Updated: JuL 26 2004


i hope that helps.. all the states tint law


----------



## jpap2369 (Jun 22, 2005)

psuLemon said:


> A = STATE FRONT (passenger and drivers windows)
> B = SIDES REAR (rear seat windows)
> C = SIDES BACK (hatchback/suv/wagons)
> D = WINDOW VISOR (how far down from top of glass)
> ...


thanks, that's what i found before but people were telling me they updated the tint laws within the last few months and those laws that you showed me were from 1991


----------



## psuLemon (Apr 23, 2003)

you might be able to check out DOT or the DMV page for more info, but its pretty new


----------



## jenns240 (May 17, 2004)

my brother got pulled over yesterday and they checked his tints, which were 35% front 20% rear, he got a ticket and the cop told him all windows but the rear windshield had to be no less than 70%.


----------



## ampedxpinoy (Apr 13, 2005)

how strict are NY tint laws.
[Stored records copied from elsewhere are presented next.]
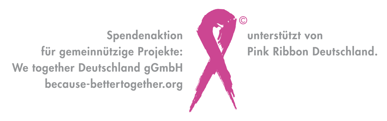 Die Spenden gehen zu 100% an die gemeinnützigen Pink Ribbon Projekte unter dem Motto „bettertogether“. Diese Projekte widmen sich den Bedürfnissen der Menschen im persönlichen Umfeld der Krebspatient*innen. Denn die Diagnose Krebs verändert nicht nur das Leben der Erkrankten, sondern auch das der Angehörigen und Freunde. Die Angebote der Projekte zielen darauf ab, die Betroffenen bei ihren Fragen, Ängsten und Ungewissheiten zu begleiten und zu unterstützen.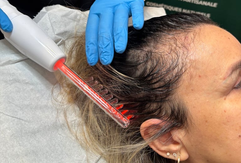 Lorsque cela est pertinent, certaines techniques esthétiques non invasives peuvent être intégrées afin de soutenir la vitalité fonctionnelle du cuir chevelu et accompagner l’activité folliculaire, toujours dans un cadre esthétique sécurisé.
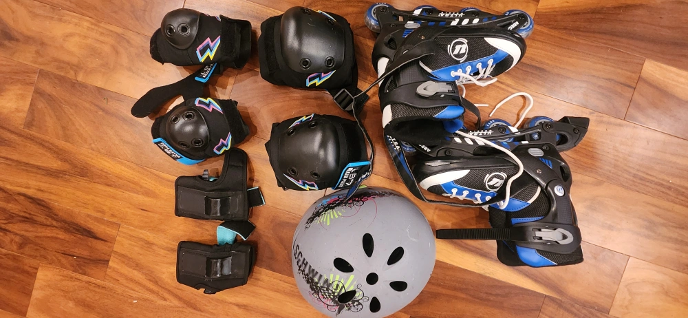 Inline skates, helmet and knee and wrist pads are included. They are a great beginner set for kids. The skates are size 7. All items are in good condition.
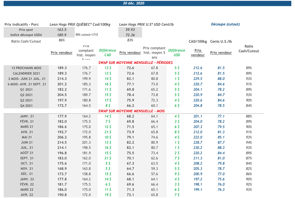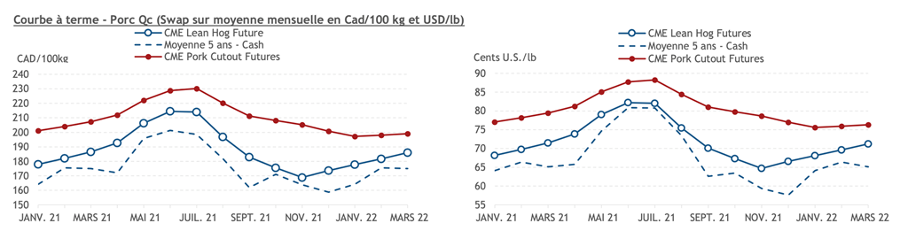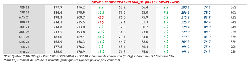 • Les contrats de porc étaient en légère hausse hier pour toutes les échéances. Les gains se sont maintenus sous le seuil de 1 cent US/lb.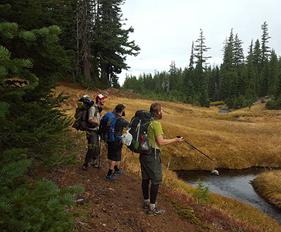 Beginning at Foley Ridge Trailhead, We will head out on a 20+ mile hike through the Sisters wilderness with packs weighing 55 pounds or less (optional), this is a peaceful walk through a dense conifer woods, and right around the bend are a few of the most beautiful views of the Sisters Range and a splendid open meadow complete with a freshwater spring. A short hike from the meadow to Lake Eileen and up to Obsidian Falls are a few features to fill your adventure.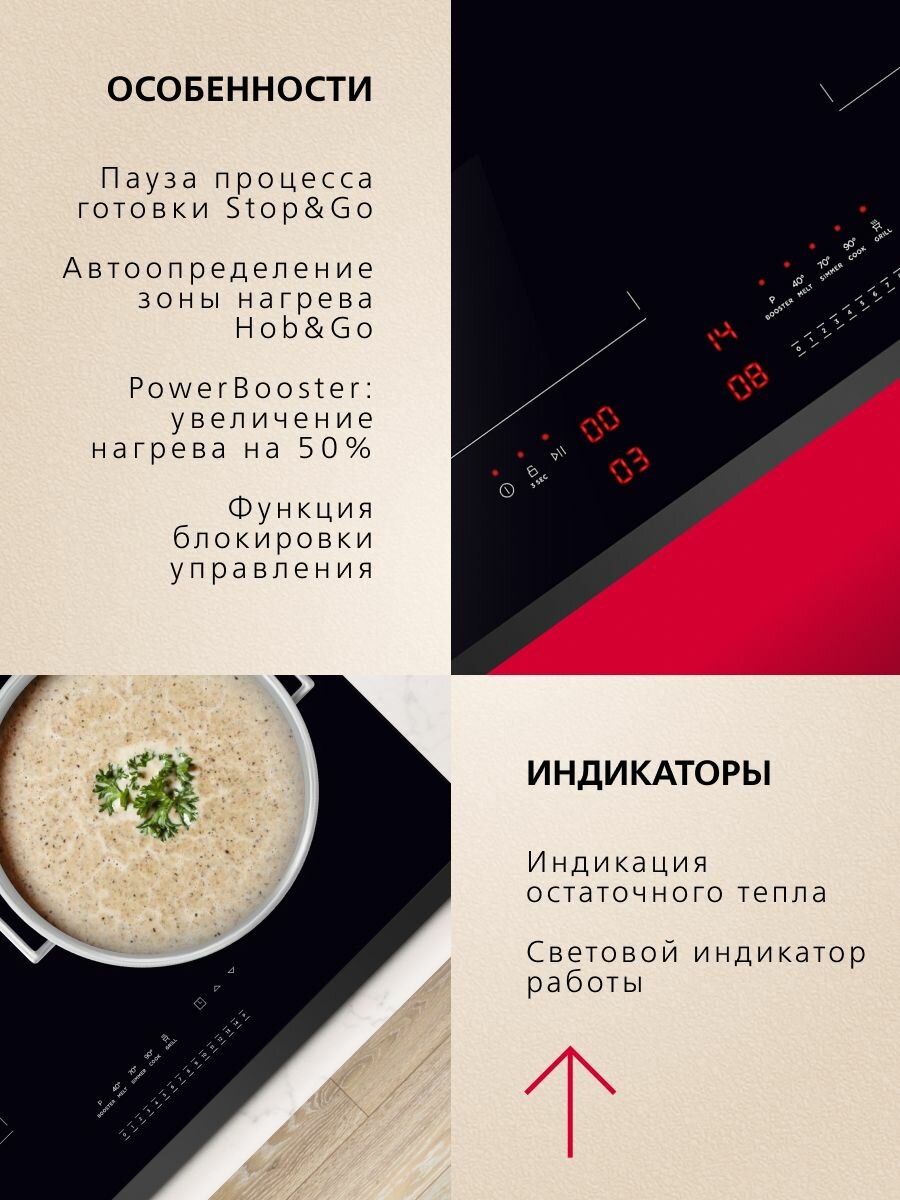 | Функции | кратковременная пауза / распознавание наличия посуды / таймер / Функция Booster |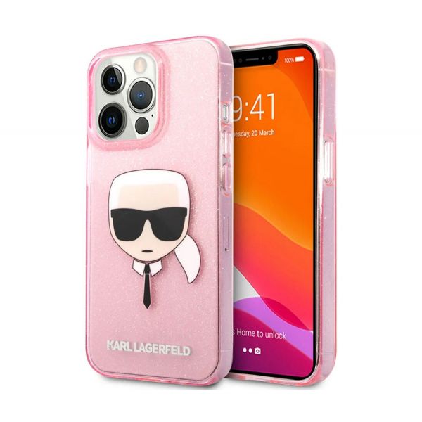 - Чехол-накладка Karl Lagerfeld Glitters для iPhone 13 Pro, полиуретан, розовый.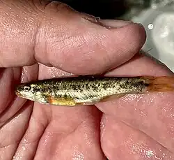 The Western speckled dace (Rhinichthys klamathensis) is a species of freshwater ray-finned fish belonging to the family Leuciscidae, the shiners, daces and minnows. This species is found in the Klamath, Warner and Sacramento drainage systems in California and Oregon.[1] This species was first formally described in 1898 by the American ichthyologists Barton Warren Evermann and Seth Eugene Meek with the type locality given as the mouth of a creek in Pelican Bay, Upper Klamath Lake, Klamath County, Oregon.[1] This taxon was previously regarded as a subspecies of the speckled dace (R. osculus) but in 2023 Peter B. Moyle, Nicholas Buckmaster and Yingxin Su confirmed it was a valid species with three subspecies, the Klamath Western speckled dace (R. k. klamathensis), Sacramento speckled dace (R. k. achomawi) and Warner speckled dace (R. k. goyatoka).[2]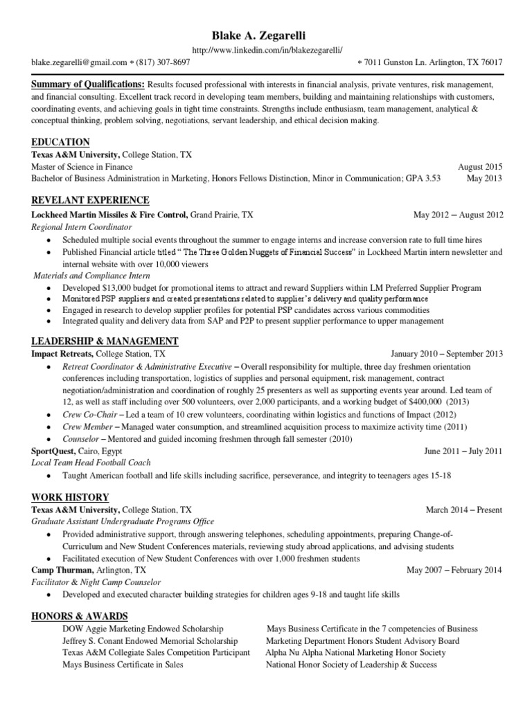Blake Zegarelli Goldman Sachs Resume PDF Supply Chain Business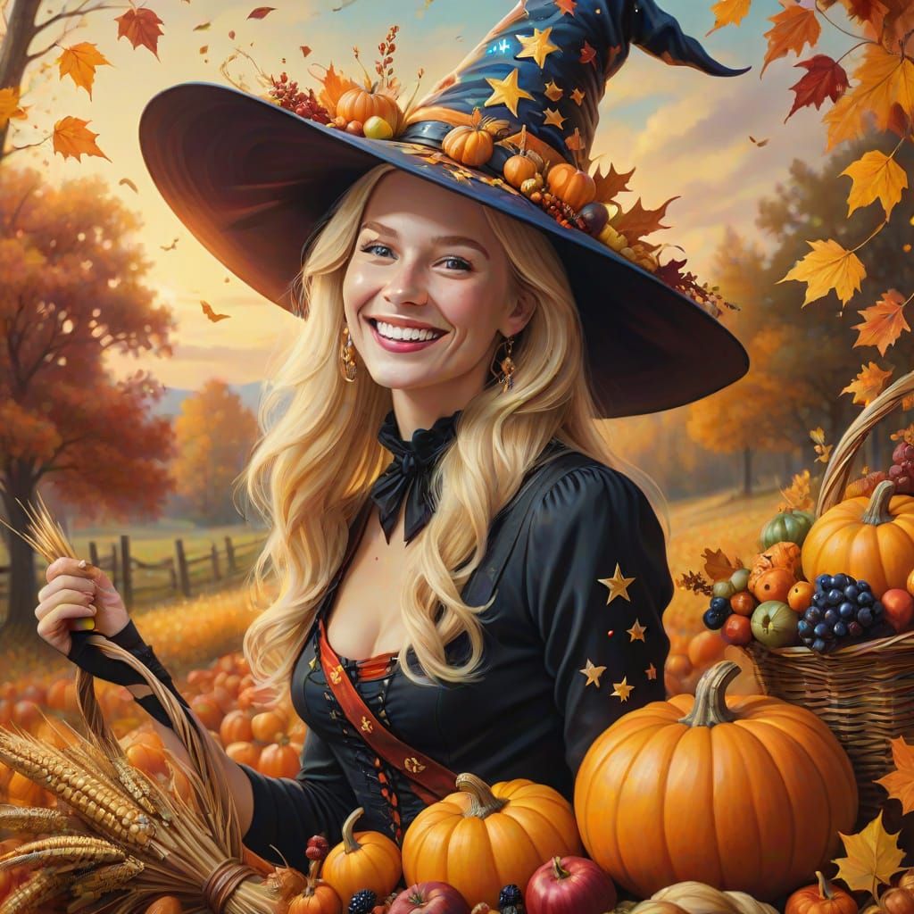 This image shows a joyful woman in an ornate witch hat laughing beside a cornucopia filled with autumn harvest, depicted as a vibrant, detailed oil painting with a dreamlike, opulent aesthetic.

Like is it common for a person to be pulled over and get a ticket for say...35% and darker tints? I want to get tints but I don't want to be pulled over for them alone. What is a good darkness, that doesn' cause too many problems. I kind of want to not be able to see inside unless you are right against it.


----------



## jenns240 (May 17, 2004)

i say it all depends on where in NYS you are. i live in buffalo, and well here they are very relaxed about the whole thing unless you are in a bad neighborhood then they might ride your ass a little hard.

on the other hand my brother lives in kenmore and man those cops will give you a ticket for doing 30.5 in a 30. they are very serious and you wont get away with anything there.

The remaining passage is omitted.